### Input material

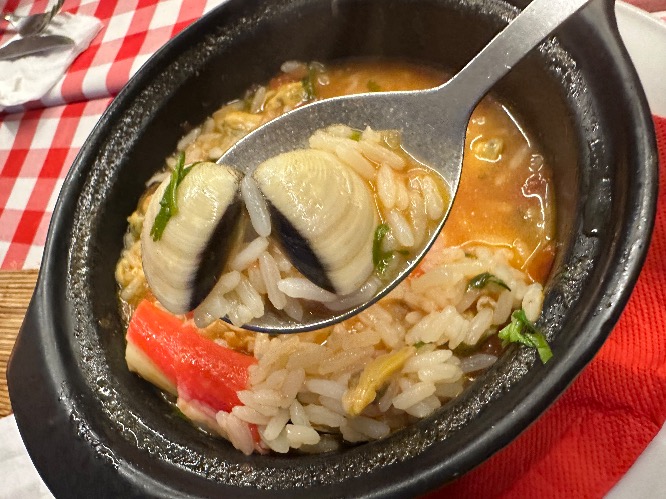 김치국물 아~주 약한 베이스에 간이 잘 맞춰졌고, 토마토와 새우, 홍합, 조개, 게맛살(?) 같은 게 들어있다. 맛있다.
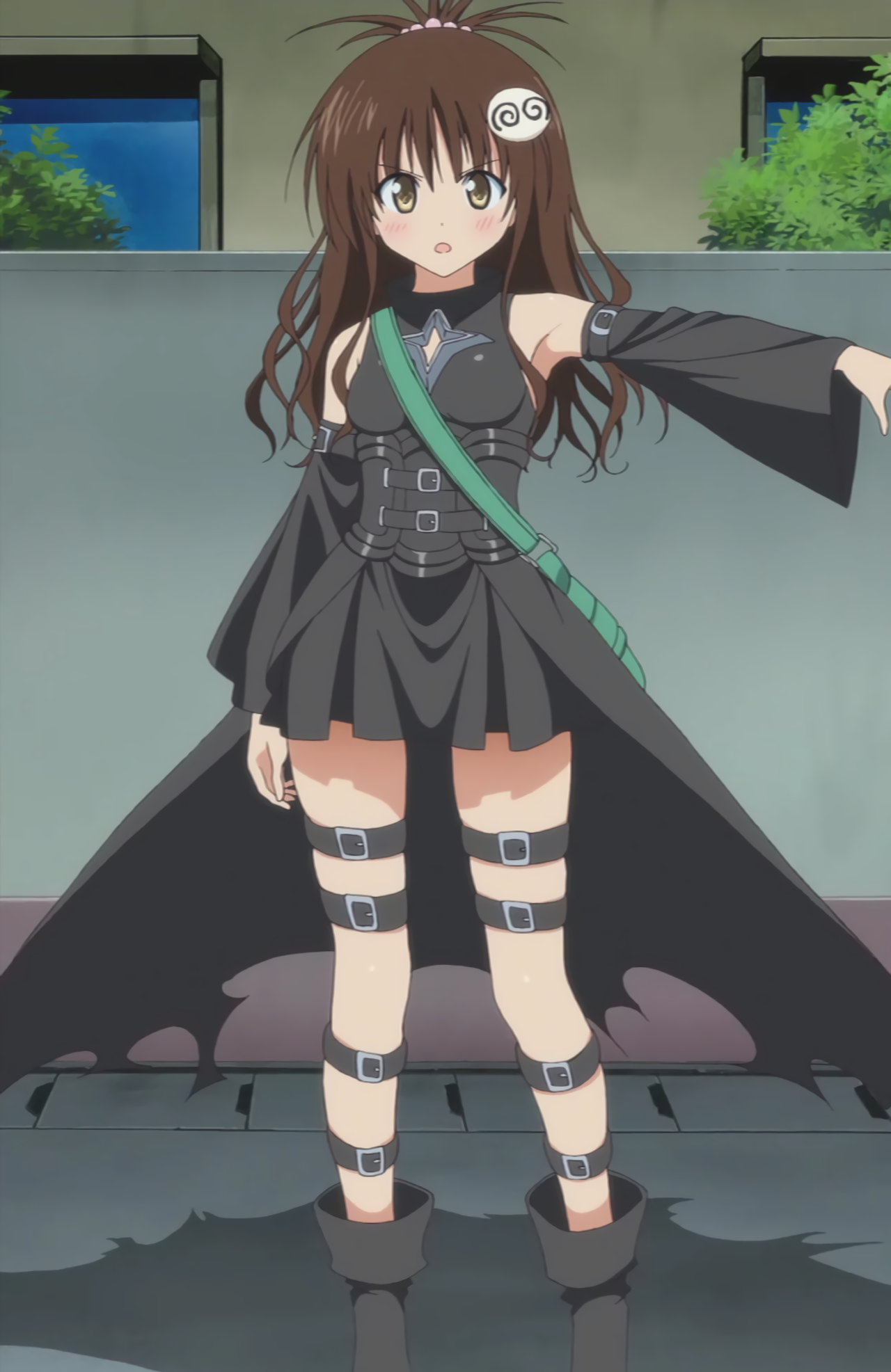 ヤミの衣装に変装し、パンチラしながらヒッタクン星人を追う美柑。
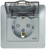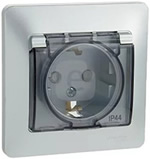 Розетка одноместная Schneider Electric GSL000348 Glossa (16А, IP44, в сборе) с заземлением и защитными шторками, с крышкой, алюминий
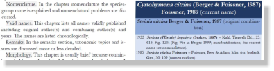 Each work has more or less the same structure composed of the following chapters:•Heading. The heading consists of two parts, namely the current name (above) and the original combination (ICZN 1999, see recommendation 51A for term; often also named basionym, a term not used in the ICZN 1999, but in botany), including authors and year. The original combination is mentioned in the heading because it never changes. By contrast, the current name is usually the combination most recently published.•List of synonyms. The list of synonyms contains all taxonomically and nomenclaturally important contributions, that is, the original description, all combinations, redescriptions, and other taxonomically important papers. Papers where solely molecular data are published are usually not included in the list; these studies can be found in the chapter phylogeny and classification (see below). Each entry consists of the following components: year of publication and name as written in the paper, including authors, year, and/or nomenclatural terms like, for example, comb. nov. (all these parts are in bold); the n-dash (–) separates the taxon from the bibliographic data of the work containing this name; author(s) of work; name of journal or (brief) title of book; volume of journal or book series; page number where description begins or where nomenclatural act is made (a page number with the letter K means a page where the taxon is mentioned in a key); figures and tables referring to taxon; in brackets, brief explanation of content, accession numbers of slides, problems, etc.). •The entry of the original description contains also the ZooBank registration number. Note that the registration in ZooBank (zoobank.org) is a prerequisite for the valid publication of a new taxon/nomenclatural act in online-only journals since 2012 (ICZN 2012, Article 8.5), that is, such works which do not contain the registration (or at least a hint that registration has occurred) in the work itself are not published in the sense of nomenclature and thus the taxa described therein are not valid. An example for such an invalid original description is Shao et al. (2014). The corrigendum, which represents now the original description, was published by Shao et al. (2017).•Brief characterisation. The brief characterisation is based on the original description (only when it contains relevant features) and other papers dealing with morphology (see list of synonyms). It is a summary of the main features and not an “improved diagnosis” or detailed description. The features are arranged as in my monographs. For details on morphology, see original description, redescriptions, and revisions mentioned in the list of synonyms.•Nomenclature. In the chapter nomenclature the species-group name is explained and nomenclatural problems are discussed.•Valid names. This chapter lists all names validly published including original author(s) and combining author(s) and years. The names are listed chronologically.•Remarks. In the remarks section, taxonomic topics and issues are discussed more or less detailed.•Morphology. This chapter is usually brief because containing only hints to the original description, redescriptions, and revisions. Since the page numbers are mentioned you can find the data rather easily in the various publications, which are sometimes rather voluminous. My monographs usually contain most or even all relevant figures published until that time. Later papers are mostly available as PDFs in the www and thus (almost) instantly accessible. The works published in the present series do not contain illustrations and micrographs; however, via the detailed hints in the work itself you can find the illustrations and micrographs very easily in the original publications or in revisions!•Cell division etc. Chapters on cell division, physiology, or other issues are optional, that is, only available when data on these topics have been published.•Classification and phylogeny. The classification and phylogeny section begins with a brief comment on the supposed phylogenetic position. When sequences are available the origin (direct submission or via a paper) is mentioned as indicated in NCBI data base. In addition, all papers using the sequence are listed. When more than one sequence is published, then the references are kept separate.•Further literature. In this chapter, papers are listed which cannot be assigned to other chapters.•Occurrence and ecology. The chapter occurrence and ecology provides a brief comment on the main habitats and the geographic distribution. Usually you will find a hint to the same chapter in the corresponding monograph (Berger 1999, 2006b, 2008, 2011) where most or even all records are considered in detail. In addition, “all” records not considered in the corresponding monograph are listed. In some cases the present chapter contains all records published so far, especially when the number of records in not very high or the presentation in the corresponding monograph not very detailed (Berger 1999). The records are arranged according to continents; within the continents, the countries are listed alphabetically.•References. The reference section contains all papers mentioned in the present study. Papers not dealing with the species treated are marked with an asterisk.•Systematic index. Each work contains a two-sided index (e.g., Cyrtohymena citrina; citrina, Cyrtohymena) to the scientific names.Works dealing with the type species (e.g., Berger 2018c) also contain a review of the genus, the key to the species, and a list of species which are misclassified in this genus or species indeterminata, nomina nuda, etc.1 Five parts of the Protozoenfauna (PF) have been published, before the series was ceased: (1) Matthes D. (1988): Suctoria (Sauginfusorien). – PF 7/1, XI-XIII, 1-226, 307-309; (2) Guhl W. & Haider G. (1988): Urceolaridae (Peritricha). – PF 7/1: 227-306, 309; (3) Page F.C. (1991):
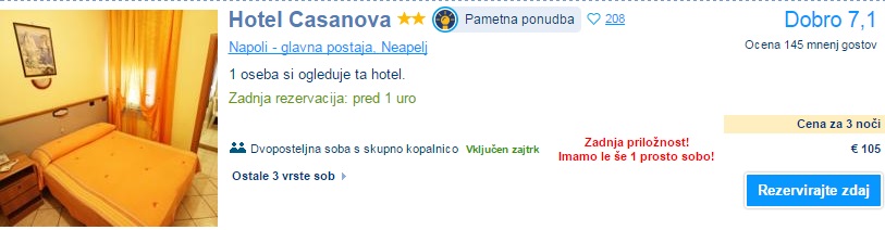 Neapelj – idealna priložnost za skok v preteklost. Ponujamo vam izlet v najbolj temperamentno mesto Italije, mesto z bogato zgodovino in rojstni kraj pizze. Ne zamudite pa seveda priložnosti za ogled mogočnega vulkana Vezuva in Pompejev, ki so ostali ujeti v trenutku časa. Povratna letalska vozovnica + 3 nočitve z zajtrkom vas bo prišlo samo 102 €/osebo, če potujeta 2 osebi. Na voljo je veliko terminov v aprilu in maju. Za vas smo izbrali termin od 11. – 14. aprila. Odhod in prihod so Benetke.
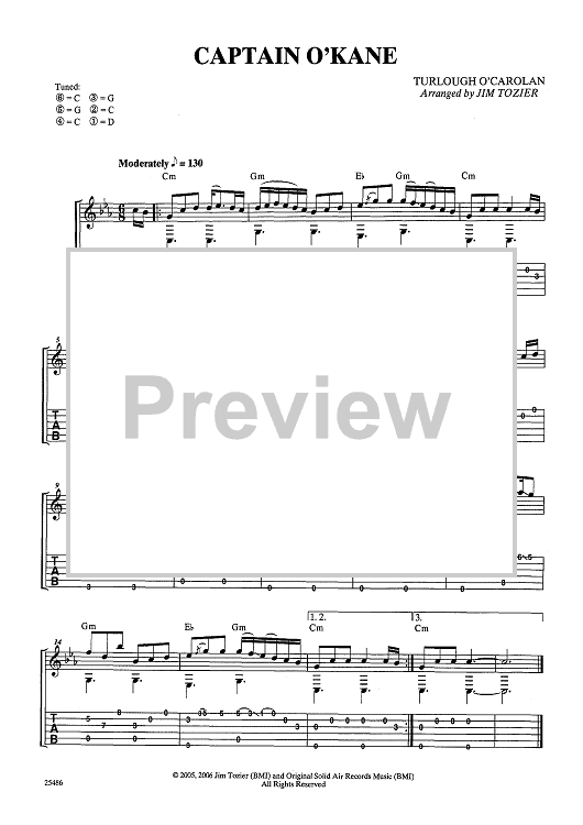 Digital Sheet Music for Captain O'Kane (With Embedded Audio) by Turlough O'Carolan, Jim Tozier scored for Guitar Tab; id:451629

######

→ **Action item**:
Give back every entry in full, exactly as written, with no picture included.

→ **Answer area**:
 김치국물 아~주 약한 베이스에 간이 잘 맞춰졌고, 토마토와 새우, 홍합, 조개, 게맛살(?) 같은 게 들어있다. 맛있다.
 ヤミの衣装に変装し、パンチラしながらヒッタクン星人を追う美柑。
 Розетка одноместная Schneider Electric GSL000348 Glossa (16А, IP44, в сборе) с заземлением и защитными шторками, с крышкой, алюминий
 Each work has more or less the same structure composed of the following chapters:•Heading. The heading consists of two parts, namely the current name (above) and the original combination (ICZN 1999, see recommendation 51A for term; often also named basionym, a term not used in the ICZN 1999, but in botany), including authors and year. The original combination is mentioned in the heading because it never changes. By contrast, the current name is usually the combination most recently published.•List of synonyms. The list of synonyms contains all taxonomically and nomenclaturally important contributions, that is, the original description, all combinations, redescriptions, and other taxonomically important papers. Papers where solely molecular data are published are usually not included in the list; these studies can be found in the chapter phylogeny and classification (see below). Each entry consists of the following components: year of publication and name as written in the paper, including authors, year, and/or nomenclatural terms like, for example, comb. nov. (all these parts are in bold); the n-dash (–) separates the taxon from the bibliographic data of the work containing this name; author(s) of work; name of journal or (brief) title of book; volume of journal or book series; page number where description begins or where nomenclatural act is made (a page number with the letter K means a page where the taxon is mentioned in a key); figures and tables referring to taxon; in brackets, brief explanation of content, accession numbers of slides, problems, etc.). •The entry of the original description contains also the ZooBank registration number. Note that the registration in ZooBank (zoobank.org) is a prerequisite for the valid publication of a new taxon/nomenclatural act in online-only journals since 2012 (ICZN 2012, Article 8.5), that is, such works which do not contain the registration (or at least a hint that registration has occurred) in the work itself are not published in the sense of nomenclature and thus the taxa described therein are not valid. An example for such an invalid original description is Shao et al. (2014). The corrigendum, which represents now the original description, was published by Shao et al. (2017).•Brief characterisation. The brief characterisation is based on the original description (only when it contains relevant features) and other papers dealing with morphology (see list of synonyms). It is a summary of the main features and not an “improved diagnosis” or detailed description. The features are arranged as in my monographs. For details on morphology, see original description, redescriptions, and revisions mentioned in the list of synonyms.•Nomenclature. In the chapter nomenclature the species-group name is explained and nomenclatural problems are discussed.•Valid names. This chapter lists all names validly published including original author(s) and combining author(s) and years. The names are listed chronologically.•Remarks. In the remarks section, taxonomic topics and issues are discussed more or less detailed.•Morphology. This chapter is usually brief because containing only hints to the original description, redescriptions, and revisions. Since the page numbers are mentioned you can find the data rather easily in the various publications, which are sometimes rather voluminous. My monographs usually contain most or even all relevant figures published until that time. Later papers are mostly available as PDFs in the www and thus (almost) instantly accessible. The works published in the present series do not contain illustrations and micrographs; however, via the detailed hints in the work itself you can find the illustrations and micrographs very easily in the original publications or in revisions!•Cell division etc. Chapters on cell division, physiology, or other issues are optional, that is, only available when data on these topics have been published.•Classification and phylogeny. The classification and phylogeny section begins with a brief comment on the supposed phylogenetic position. When sequences are available the origin (direct submission or via a paper) is mentioned as indicated in NCBI data base. In addition, all papers using the sequence are listed. When more than one sequence is published, then the references are kept separate.•Further literature. In this chapter, papers are listed which cannot be assigned to other chapters.•Occurrence and ecology. The chapter occurrence and ecology provides a brief comment on the main habitats and the geographic distribution. Usually you will find a hint to the same chapter in the corresponding monograph (Berger 1999, 2006b, 2008, 2011) where most or even all records are considered in detail. In addition, “all” records not considered in the corresponding monograph are listed. In some cases the present chapter contains all records published so far, especially when the number of records in not very high or the presentation in the corresponding monograph not very detailed (Berger 1999). The records are arranged according to continents; within the continents, the countries are listed alphabetically.•References. The reference section contains all papers mentioned in the present study. Papers not dealing with the species treated are marked with an asterisk.•Systematic index. Each work contains a two-sided index (e.g., Cyrtohymena citrina; citrina, Cyrtohymena) to the scientific names.Works dealing with the type species (e.g., Berger 2018c) also contain a review of the genus, the key to the species, and a list of species which are misclassified in this genus or species indeterminata, nomina nuda, etc.1 Five parts of the Protozoenfauna (PF) have been published, before the series was ceased: (1) Matthes D. (1988): Suctoria (Sauginfusorien). – PF 7/1, XI-XIII, 1-226, 307-309; (2) Guhl W. & Haider G. (1988): Urceolaridae (Peritricha). – PF 7/1: 227-306, 309; (3) Page F.C. (1991):
 Neapelj – idealna priložnost za skok v preteklost. Ponujamo vam izlet v najbolj temperamentno mesto Italije, mesto z bogato zgodovino in rojstni kraj pizze. Ne zamudite pa seveda priložnosti za ogled mogočnega vulkana Vezuva in Pompejev, ki so ostali ujeti v trenutku časa. Povratna letalska vozovnica + 3 nočitve z zajtrkom vas bo prišlo samo 102 €/osebo, če potujeta 2 osebi. Na voljo je veliko terminov v aprilu in maju. Za vas smo izbrali termin od 11. – 14. aprila. Odhod in prihod so Benetke.
 Digital Sheet Music for Captain O'Kane (With Embedded Audio) by Turlough O'Carolan, Jim Tozier scored for Guitar Tab; id:451629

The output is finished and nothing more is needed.